TTS Comparison

Since I switched from Chatterbox to Qwen3 TTS in February 2026, the open text-to-speech market has continued to evolve. Within just a few weeks after Qwen3 TTS, Mistral released Voxtral 4B TTS, Xiaomi AI Lab released OmniVoice, OpenBMB released VoxCPM2, and Supertone released Supertonic 3.

The quality is comparable to proprietary systems. In the past, speed was a bottleneck. With the new models in 2026, however, that bottleneck is also gone. Hardware requirements have also dropped massively. I tested all models on my MacBook.

Models

Supertonic 3 supports 31 languages and is extremely lightweight. Running it on local devices is definitely a realistic option. In my tests, it was the most efficient and fastest model. It needed only 0.55 GB of RAM and generated the sample text in 1.3 seconds. The quality was sufficiently good. The model provides 10 voice styles and supports voice cloning. In addition, expression tags such as laughing, breathing, and sighing are supported.

Qwen3 TTS supports 10 languages and offers 0.6B and 1.7B models, as well as variants for CustomVoice and VoiceDesign. There are already many libraries for running Qwen3 TTS on a wide range of end devices. The quality is very good, even for longer texts. Its speed is in the upper quartile.
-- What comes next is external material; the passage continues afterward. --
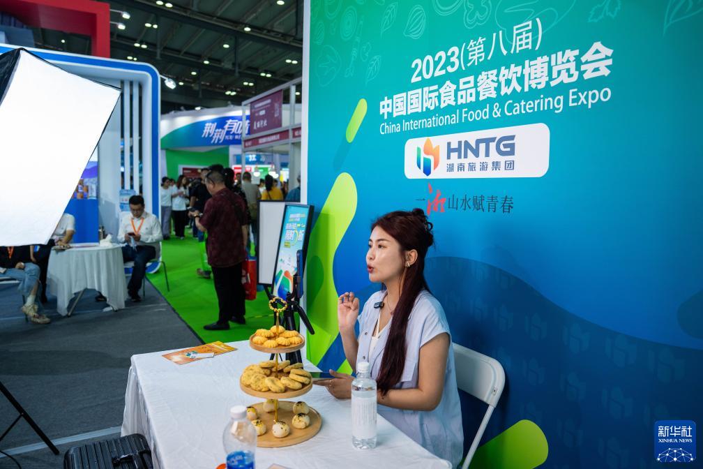9月15日,在長(cháng)沙國際會(huì )展中心,參展商通過(guò)直播推銷(xiāo)糕點(diǎn)。

VoxCPM2 is the most architecturally interesting counterproposal. The model is tokenizer-free, has 2B parameters, and supports 30 languages. It also includes Voice Design and controllable voice cloning. The quality is good, but unfortunately its speed is not as strong.

Voxtral 4B TTS comes from Europe, supports 9 languages, and includes 20 preset voices. The quality is good, but the speed does not quite keep up. The biggest problem is the license. Because of the reference voices, the published weights are licensed under CC BY-NC 4.0 and therefore cannot be used commercially.

OmniVoice focuses primarily on breadth. According to the model card, it supports more than 600 languages and also offers Voice Design and voice cloning. The quality is good, but the speed lags somewhat behind.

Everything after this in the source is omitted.